[Saved entries]
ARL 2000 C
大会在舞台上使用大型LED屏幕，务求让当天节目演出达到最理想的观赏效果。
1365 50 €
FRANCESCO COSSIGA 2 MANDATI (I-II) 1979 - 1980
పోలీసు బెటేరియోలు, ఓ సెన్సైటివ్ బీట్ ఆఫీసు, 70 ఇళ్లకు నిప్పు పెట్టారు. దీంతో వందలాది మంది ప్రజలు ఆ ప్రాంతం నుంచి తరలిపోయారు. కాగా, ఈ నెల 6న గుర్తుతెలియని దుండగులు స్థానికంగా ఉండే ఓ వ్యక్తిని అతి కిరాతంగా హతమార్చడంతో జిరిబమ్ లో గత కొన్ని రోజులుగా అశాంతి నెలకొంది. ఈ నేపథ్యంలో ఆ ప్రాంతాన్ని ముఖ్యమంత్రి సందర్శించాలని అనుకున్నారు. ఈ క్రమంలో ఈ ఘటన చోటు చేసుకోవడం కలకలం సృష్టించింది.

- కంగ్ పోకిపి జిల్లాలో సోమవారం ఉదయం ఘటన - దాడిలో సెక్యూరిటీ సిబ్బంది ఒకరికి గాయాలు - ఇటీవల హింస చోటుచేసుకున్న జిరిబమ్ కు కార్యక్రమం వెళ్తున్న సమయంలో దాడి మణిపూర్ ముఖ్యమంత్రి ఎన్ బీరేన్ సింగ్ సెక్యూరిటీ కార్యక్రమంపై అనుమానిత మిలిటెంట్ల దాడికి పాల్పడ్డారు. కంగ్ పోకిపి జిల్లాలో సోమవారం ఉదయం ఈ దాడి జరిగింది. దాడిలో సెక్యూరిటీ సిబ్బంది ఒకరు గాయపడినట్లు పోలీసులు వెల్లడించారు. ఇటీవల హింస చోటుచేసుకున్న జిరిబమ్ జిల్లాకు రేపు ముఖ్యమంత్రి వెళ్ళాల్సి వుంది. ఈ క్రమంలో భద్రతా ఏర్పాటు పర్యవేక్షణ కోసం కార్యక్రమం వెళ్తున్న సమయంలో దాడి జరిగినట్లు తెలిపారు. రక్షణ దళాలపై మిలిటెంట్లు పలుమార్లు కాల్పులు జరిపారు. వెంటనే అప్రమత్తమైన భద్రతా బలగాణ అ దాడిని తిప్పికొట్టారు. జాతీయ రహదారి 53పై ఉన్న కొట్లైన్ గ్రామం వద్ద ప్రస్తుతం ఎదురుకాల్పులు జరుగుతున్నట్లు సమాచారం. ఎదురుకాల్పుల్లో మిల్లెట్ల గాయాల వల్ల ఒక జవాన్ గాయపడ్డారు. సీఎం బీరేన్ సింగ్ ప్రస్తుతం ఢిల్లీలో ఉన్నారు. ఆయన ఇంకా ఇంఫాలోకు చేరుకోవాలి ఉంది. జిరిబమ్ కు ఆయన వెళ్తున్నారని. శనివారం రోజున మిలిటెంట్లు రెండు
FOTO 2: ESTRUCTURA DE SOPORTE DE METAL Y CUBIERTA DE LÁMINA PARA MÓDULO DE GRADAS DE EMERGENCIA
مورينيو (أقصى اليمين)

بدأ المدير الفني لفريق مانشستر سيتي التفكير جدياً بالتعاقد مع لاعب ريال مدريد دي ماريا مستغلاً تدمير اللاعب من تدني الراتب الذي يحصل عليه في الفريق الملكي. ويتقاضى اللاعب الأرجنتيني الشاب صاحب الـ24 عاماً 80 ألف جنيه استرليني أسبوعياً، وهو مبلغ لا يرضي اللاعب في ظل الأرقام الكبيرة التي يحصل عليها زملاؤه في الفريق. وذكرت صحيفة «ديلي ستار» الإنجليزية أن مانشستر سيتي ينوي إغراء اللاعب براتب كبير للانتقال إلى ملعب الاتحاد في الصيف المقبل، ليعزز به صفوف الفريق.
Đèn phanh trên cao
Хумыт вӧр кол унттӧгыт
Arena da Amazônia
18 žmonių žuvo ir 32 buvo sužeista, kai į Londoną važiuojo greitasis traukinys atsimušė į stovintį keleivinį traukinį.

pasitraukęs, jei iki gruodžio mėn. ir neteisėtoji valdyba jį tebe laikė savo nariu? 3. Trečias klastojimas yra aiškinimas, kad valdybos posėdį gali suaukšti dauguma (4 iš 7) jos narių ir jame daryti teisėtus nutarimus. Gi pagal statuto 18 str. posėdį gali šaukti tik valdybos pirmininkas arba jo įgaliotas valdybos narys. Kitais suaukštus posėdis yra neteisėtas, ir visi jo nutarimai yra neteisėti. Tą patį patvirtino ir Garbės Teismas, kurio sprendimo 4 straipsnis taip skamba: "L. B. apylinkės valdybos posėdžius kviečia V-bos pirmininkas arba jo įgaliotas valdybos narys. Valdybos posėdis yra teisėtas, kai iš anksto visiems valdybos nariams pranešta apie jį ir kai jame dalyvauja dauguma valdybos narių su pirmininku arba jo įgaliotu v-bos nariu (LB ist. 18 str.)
--
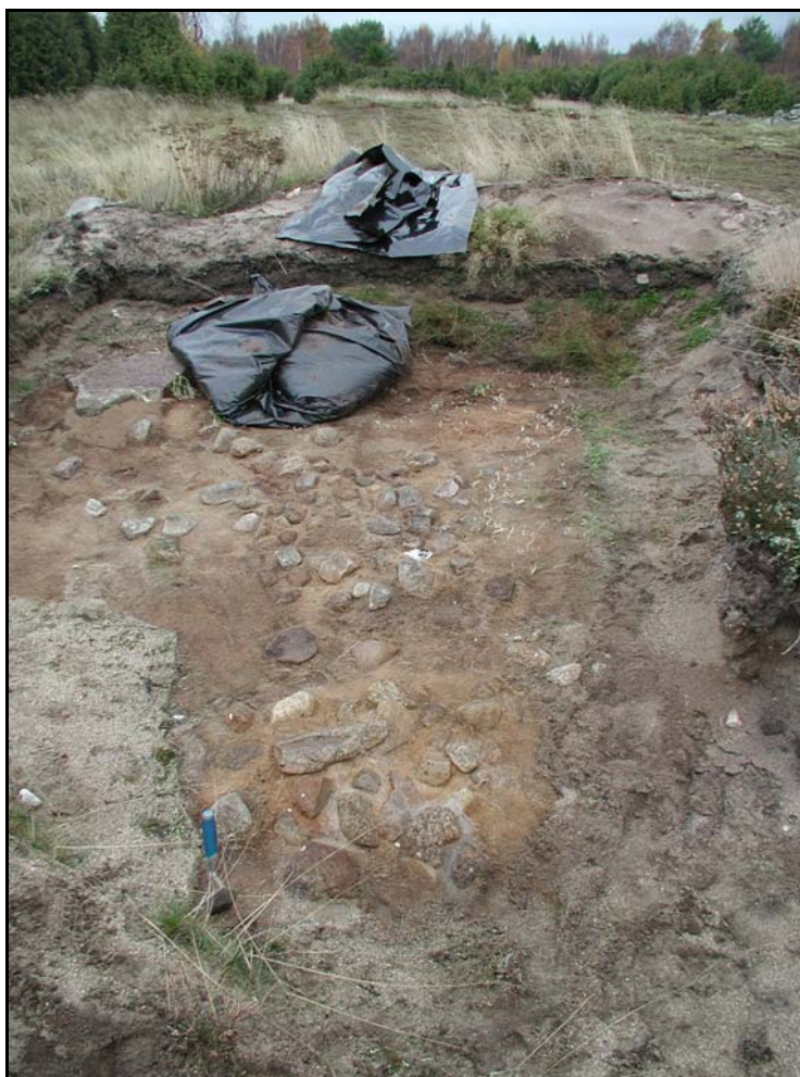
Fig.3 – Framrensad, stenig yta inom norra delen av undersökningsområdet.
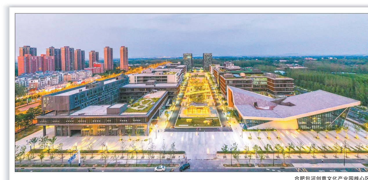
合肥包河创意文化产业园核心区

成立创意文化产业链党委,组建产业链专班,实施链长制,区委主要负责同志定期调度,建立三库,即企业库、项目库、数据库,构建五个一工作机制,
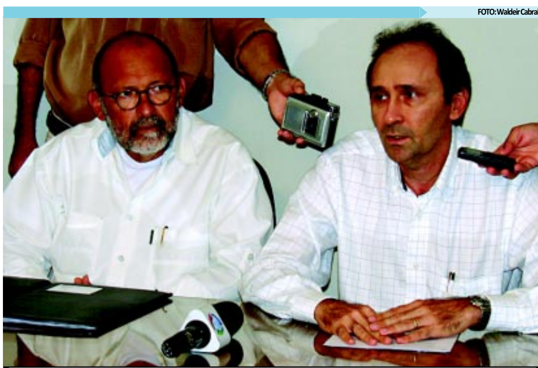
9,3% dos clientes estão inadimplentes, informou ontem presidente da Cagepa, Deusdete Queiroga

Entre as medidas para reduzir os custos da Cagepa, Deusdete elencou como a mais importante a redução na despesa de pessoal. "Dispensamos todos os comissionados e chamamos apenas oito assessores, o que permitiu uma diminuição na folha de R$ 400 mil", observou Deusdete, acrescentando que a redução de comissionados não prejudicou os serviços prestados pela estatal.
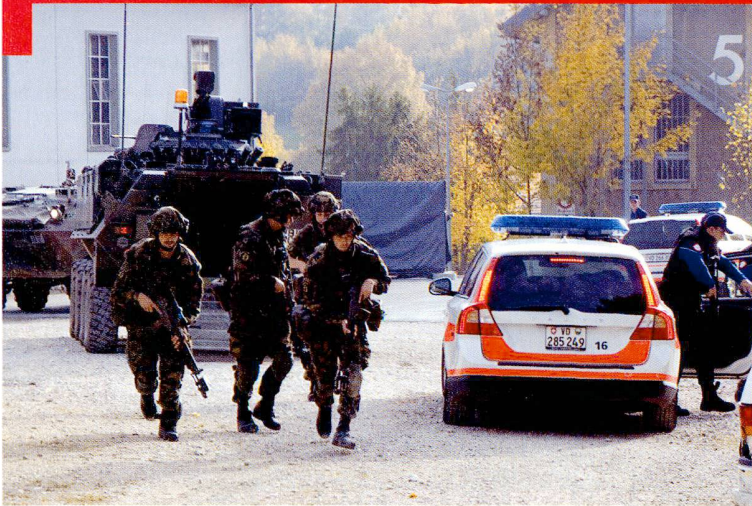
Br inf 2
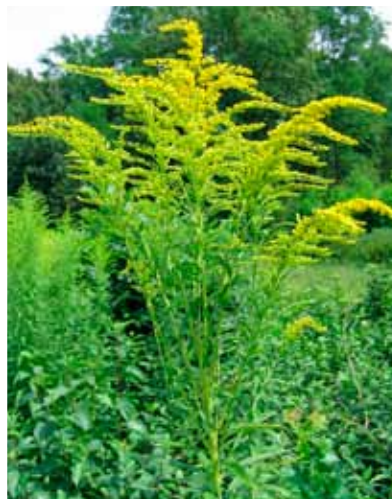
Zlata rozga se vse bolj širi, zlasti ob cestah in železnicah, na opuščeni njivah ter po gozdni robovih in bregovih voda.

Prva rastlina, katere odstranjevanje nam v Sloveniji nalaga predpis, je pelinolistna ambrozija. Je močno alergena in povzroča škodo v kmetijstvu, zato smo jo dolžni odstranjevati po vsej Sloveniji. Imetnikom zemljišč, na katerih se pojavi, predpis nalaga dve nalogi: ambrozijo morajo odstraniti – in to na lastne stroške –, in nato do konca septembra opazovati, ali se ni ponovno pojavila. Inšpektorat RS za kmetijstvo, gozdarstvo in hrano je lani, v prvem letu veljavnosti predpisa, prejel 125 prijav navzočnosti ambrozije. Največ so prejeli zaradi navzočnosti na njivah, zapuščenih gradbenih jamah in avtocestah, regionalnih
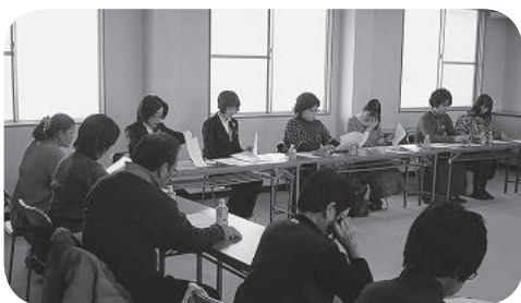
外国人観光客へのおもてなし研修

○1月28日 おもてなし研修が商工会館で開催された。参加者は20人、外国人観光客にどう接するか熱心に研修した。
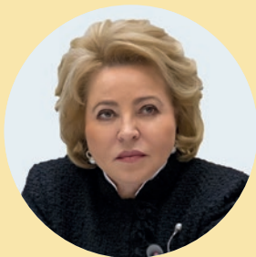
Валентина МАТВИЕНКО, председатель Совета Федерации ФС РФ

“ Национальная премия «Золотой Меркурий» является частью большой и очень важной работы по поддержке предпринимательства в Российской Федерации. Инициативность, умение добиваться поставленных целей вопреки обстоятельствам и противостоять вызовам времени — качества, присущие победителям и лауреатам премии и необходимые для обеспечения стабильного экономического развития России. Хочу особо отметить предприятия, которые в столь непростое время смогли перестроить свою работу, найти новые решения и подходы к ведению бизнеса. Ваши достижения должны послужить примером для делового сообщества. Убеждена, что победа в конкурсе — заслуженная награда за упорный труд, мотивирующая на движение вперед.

• **The task**
From the entries above, restate word for word the lines from the line containing "FOTO 2: ESTRUCTURA" to the line containing "18 žmonių žuvo", both ends included, and nothing more.

• **Exercise answer**
FOTO 2: ESTRUCTURA DE SOPORTE DE METAL Y CUBIERTA DE LÁMINA PARA MÓDULO DE GRADAS DE EMERGENCIA
مورينيو (أقصى اليمين)

بدأ المدير الفني لفريق مانشستر سيتي التفكير جدياً بالتعاقد مع لاعب ريال مدريد دي ماريا مستغلاً تدمير اللاعب من تدني الراتب الذي يحصل عليه في الفريق الملكي. ويتقاضى اللاعب الأرجنتيني الشاب صاحب الـ24 عاماً 80 ألف جنيه استرليني أسبوعياً، وهو مبلغ لا يرضي اللاعب في ظل الأرقام الكبيرة التي يحصل عليها زملاؤه في الفريق. وذكرت صحيفة «ديلي ستار» الإنجليزية أن مانشستر سيتي ينوي إغراء اللاعب براتب كبير للانتقال إلى ملعب الاتحاد في الصيف المقبل، ليعزز به صفوف الفريق.
Đèn phanh trên cao
Хумыт вӧр кол унттӧгыт
Arena da Amazônia
18 žmonių žuvo ir 32 buvo sužeista, kai į Londoną važiuojo greitasis traukinys atsimušė į stovintį keleivinį traukinį.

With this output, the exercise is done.